What you have to do =>
Retype only what runs from the line with "El alcalde de" through the end of the entries, exactly and in full, but omit any picture you find.

───

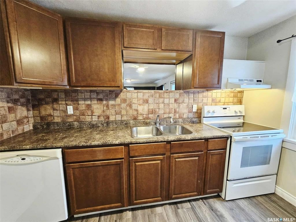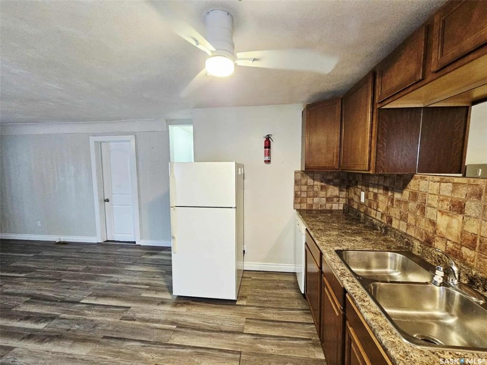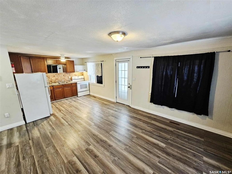 154 Ontario Ave Cute, Compact and 1.5 blocks to Yorkton Regional High School, Suncrest College, 2 blocks to Sacred Heart High School. This accessible property has a ramp and fenced front deck, a fenced side yard deck directly off the primary bedroom and a fully fenced back yard with shed and back lane access. Open concept kitchen and living room, 2 bedrooms and a 4 piece bath. Fresh interior paint. The basement houses the laundry with update washer, furnace and updated water heater.
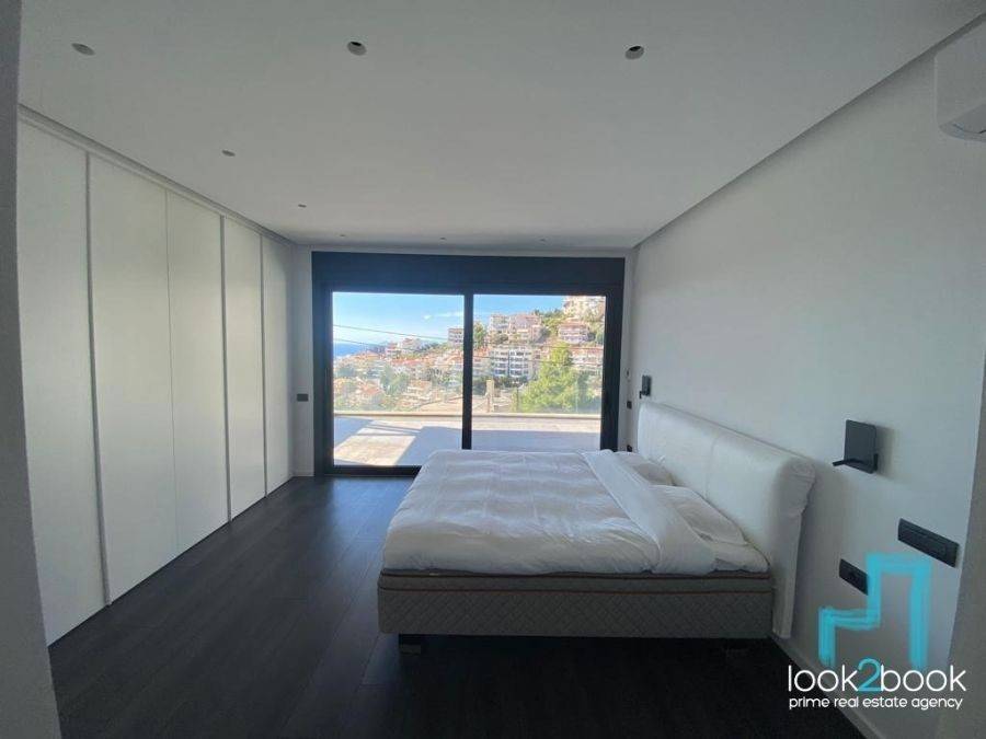 In Voula, in the Panorama area, an impressive luxury maisonette of 450 sq.m., furnished, built in 2022, in amazing condition, is available for rent. The property is spread over four levels with a private elevator and offers unlimited views, combining luxury, comfort and high aesthetics. The residence has a spacious living room, modern kitchen, six bedrooms, six bathrooms and an additional WC. The spaces are particularly bright, airy and front-facing, with large verandas that offer excellent views and ideal relaxation areas. In addition, it has autonomous natural gas heating, solar water heater, double glazing, security door, jacuzzi, storage room and three parking spaces. Outside there is a private swimming pool and a beautifully landscaped garden, offering a high standard of living in one of the most privileged and quiet areas of Voula. This is an excellent residence of high standards. Price: €15,000, Ref. : 27462, Look2Book Tel: 2108940006,6944991499, e-mail: info@look2book.gr, website: www.look2book.gr
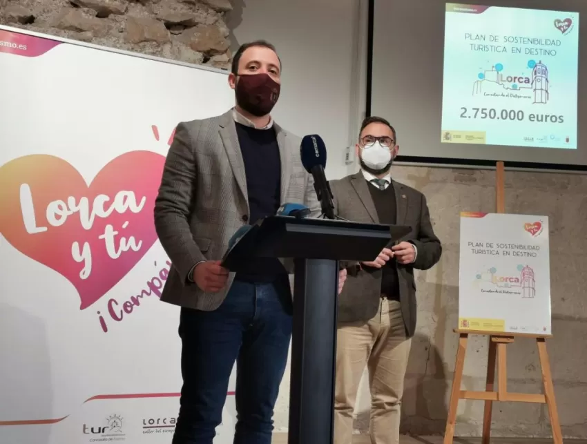 El alcalde de Lorca, Diego José Mateos, y el vicealcalde y concejal de Turismo, Francisco Morales, ha informado de que la concejalía de Turismo ha conseguido 2.750.000 euros para mejorar el atractivo turístico de Lorca.
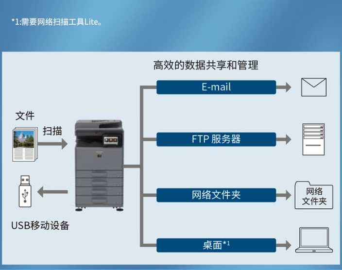 扫描至SMB/FTP网络文件夹:自动归档至部门共享盘,实现无纸化协同;
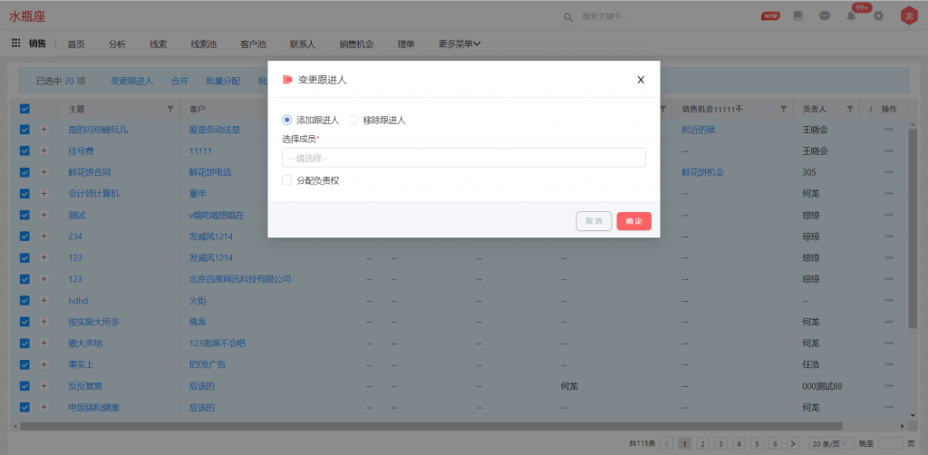 業務對象支持批量增加和刪除跟進人,同時增加“跟進人”字段,與跟進人組件同步,并支持篩選;使用前請先在對象管理中,將“跟進人”字段及“變更跟進人”按鈕的權限進行勾選
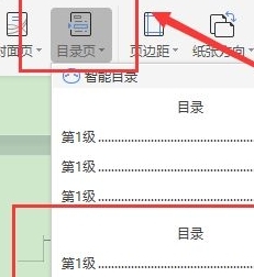 2、在下一行工具栏中选择目录页。按自己的需求选择想要的目录层级。
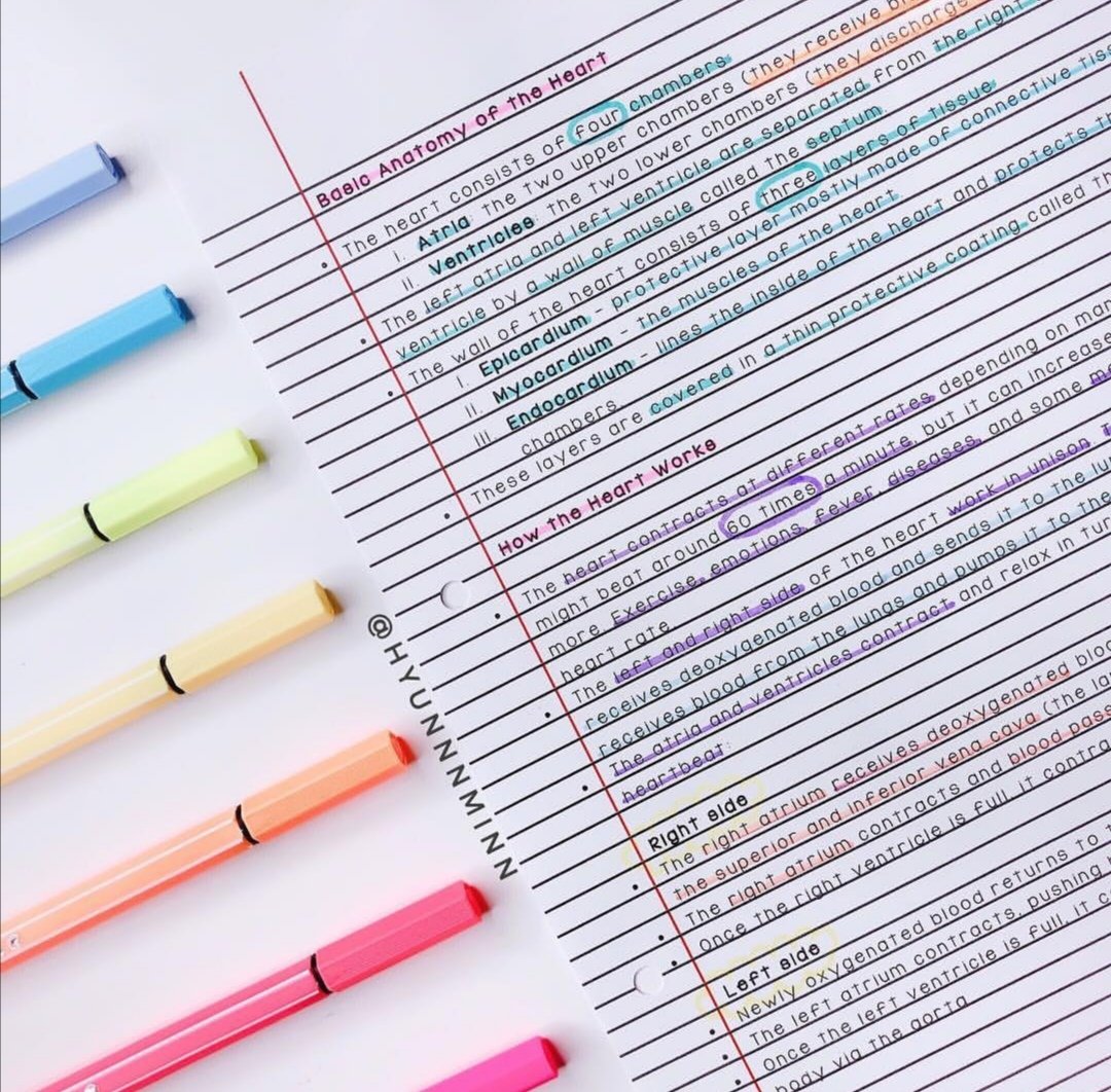 - Visualize concepts : Draw charts or figures in the margins of your notes or use highlighters or pens in different colors to group related ideas in your written study materials.
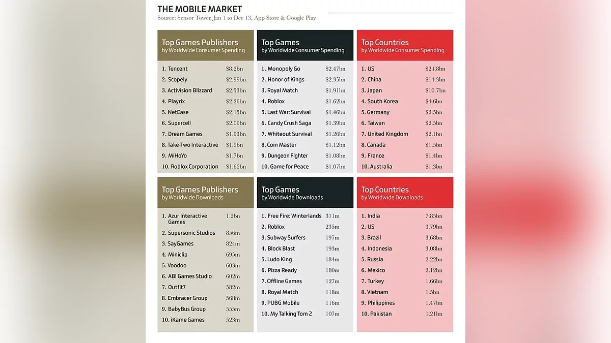 2024 год подтвердил продолжающийся рост мобильного сегмента, который укрепляет позиции как основной источник дохода. Консольные и ПК-игры, несмотря на отставание в объемах, сохраняют свою аудиторию благодаря громким релизам.
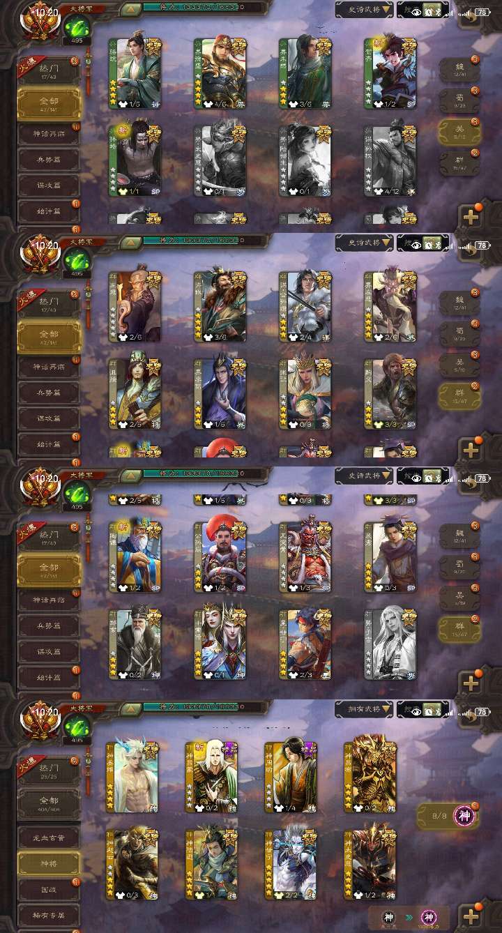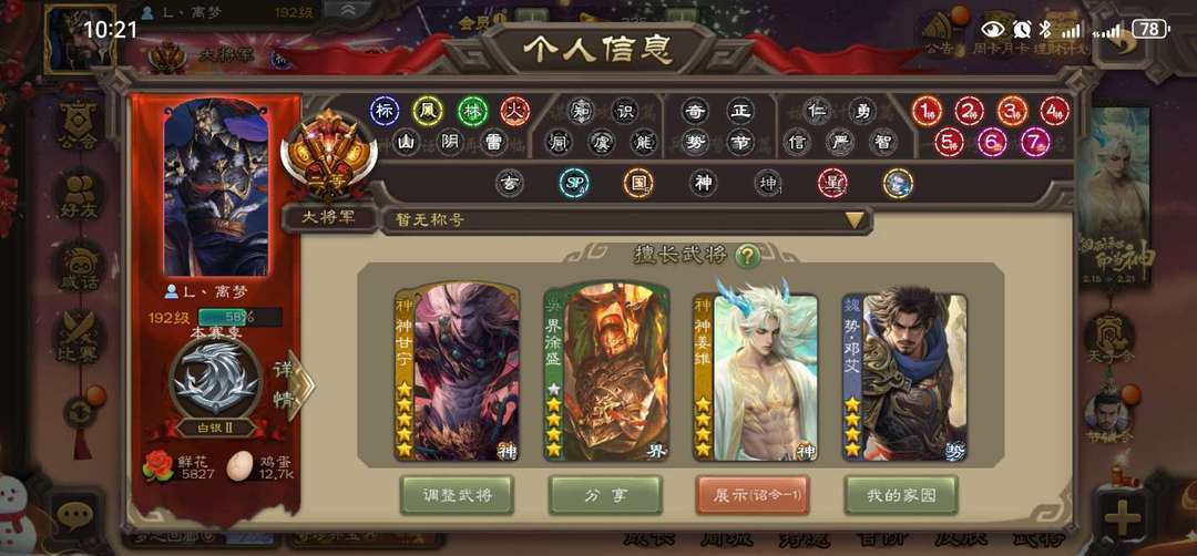 限制: 租号2次及以上 |装备描述:官方二等大将军,三卡齐全。 玉龙神姜维 玉龙势邓艾 五星战破无J动神甘宁 十常侍 马年春节动曹操 回廊动大宝 回廊动许攸 裴秀等47史诗二等大将军。

───

Answer space =>
 El alcalde de Lorca, Diego José Mateos, y el vicealcalde y concejal de Turismo, Francisco Morales, ha informado de que la concejalía de Turismo ha conseguido 2.750.000 euros para mejorar el atractivo turístico de Lorca.
 扫描至SMB/FTP网络文件夹:自动归档至部门共享盘,实现无纸化协同;
 業務對象支持批量增加和刪除跟進人,同時增加“跟進人”字段,與跟進人組件同步,并支持篩選;使用前請先在對象管理中,將“跟進人”字段及“變更跟進人”按鈕的權限進行勾選
 2、在下一行工具栏中选择目录页。按自己的需求选择想要的目录层级。
 - Visualize concepts : Draw charts or figures in the margins of your notes or use highlighters or pens in different colors to group related ideas in your written study materials.
 2024 год подтвердил продолжающийся рост мобильного сегмента, который укрепляет позиции как основной источник дохода. Консольные и ПК-игры, несмотря на отставание в объемах, сохраняют свою аудиторию благодаря громким релизам.
 限制: 租号2次及以上 |装备描述:官方二等大将军,三卡齐全。 玉龙神姜维 玉龙势邓艾 五星战破无J动神甘宁 十常侍 马年春节动曹操 回廊动大宝 回廊动许攸 裴秀等47史诗二等大将军。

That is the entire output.